In recent years, deep neural networks have been applied in machine translation systems, resulting in the so-called neural machine translation (NMT) models that can improve translation quality significantly. However, due to the brittleness of deep neural network, machine translation systems could return erroneous translations that lead to misunderstandings or even cause serious losses. To detect translation errors, various testing techniques have been proposed. As a popularly used technique, metamorphic testing mainly relies on text or syntactic structure of translations while ignoring the meaning of sentences (i.e., semantic information). Compared with text and syntactic information, semantic information of sentences is more stable when dealing with languages that have rich vocabulary and flexible word order. Motivated by this observation, we propose semantic structure invariance-based metamorphic testing (SSIMT) for machine translation systems. The key insight is that contextually similar sentences should typically have translations of similar semantic structures. Experiments have been conducted to evaluate SSIMT on two widely used machine translation systems, Microsoft Bing Translator and Google Translate with 600 seed sentences crawled from well-known news websites covering six different corpus topics. The experimental results show that SSIMT is able to find thousands of erroneous translations in both translation systems with high accuracy (over 70%). Translation errors reported by SSIMT covers a wide variety of common error types.

查看原文本刊更多论文

基于语义结构不变性的机器翻译系统变形测试

近年来，深度神经网络被应用于机器翻译系统，产生了所谓的神经机器翻译（NMT）模型，可以显著提高翻译质量。然而，由于深度神经网络的脆弱性，机器翻译系统可能会返回错误的译文，从而导致误解，甚至造成严重的损失。
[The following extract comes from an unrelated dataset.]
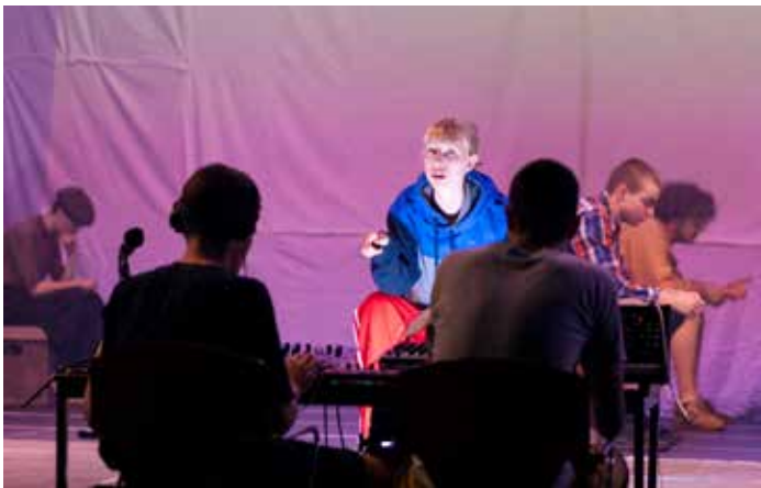
Der spielmitte e. V. begleitet junge Menschen mittels Theaterarbeit. Neue technische Ausrüstung half beim Lockdown.

为了检测翻译错误，人们提出了各种各样的测试技术。变形测试作为一种常用的技术，主要依赖于译文的文本或句法结构，而忽略了句子的意义（即语义信息）。与文本信息和句法信息相比，在词汇丰富、语序灵活的语言中，句子的语义信息更为稳定。基于这一观察结果，我们提出了基于语义结构不变性的机器翻译系统变形测试（SSIMT）。关键的观点是上下文相似的句子通常应该具有相似语义结构的翻译。在微软必应翻译和谷歌翻译这两个广泛使用的机器翻译系统上，用从知名新闻网站抓取的600个种子句子，涵盖6个不同的语料库主题，对SSIMT进行了实验评估。实验结果表明，在两种翻译系统中，SSIMT都能以较高的准确率（超过70%）发现数千个错误译文。SSIMT报告的翻译错误涵盖了各种常见的错误类型。
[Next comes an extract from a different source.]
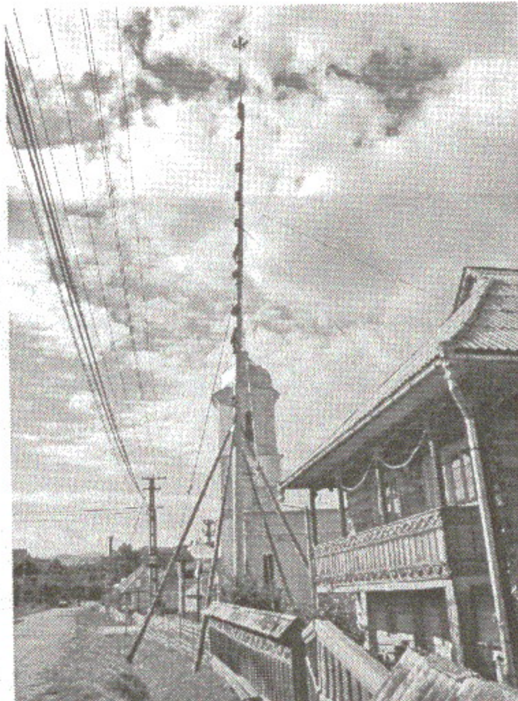
Felician Săteanu: Armindenul din Cupșeni, 2005.

Poartă cum poartă mai multe - Până dinjos de genunche.

本文章由计算机程序翻译，如有差异，请以英文原文为准。

求助全文

约1分钟内获得全文求助全文

来源期刊

IEEE Transactions on Reliability 工程技术-工程：电子与电气

CiteScore

12.20

自引率

8.50%

发文量

153

审稿时长

7.5 months

期刊介绍： IEEE Transactions on Reliability is a refereed journal for the reliability and allied disciplines including, but not limited to, maintainability, physics of failure, life testing, prognostics, design and manufacture for reliability, reliability for systems of systems, network availability, mission success, warranty, safety, and various measures of effectiveness. Topics eligible for publication range from hardware to software, from materials to systems, from consumer and industrial devices to manufacturing plants, from individual items to networks, from techniques for making things better to ways of predicting and measuring behavior in the field. As an engineering subject that supports new and existing technologies, we constantly expand into new areas of the assurance sciences.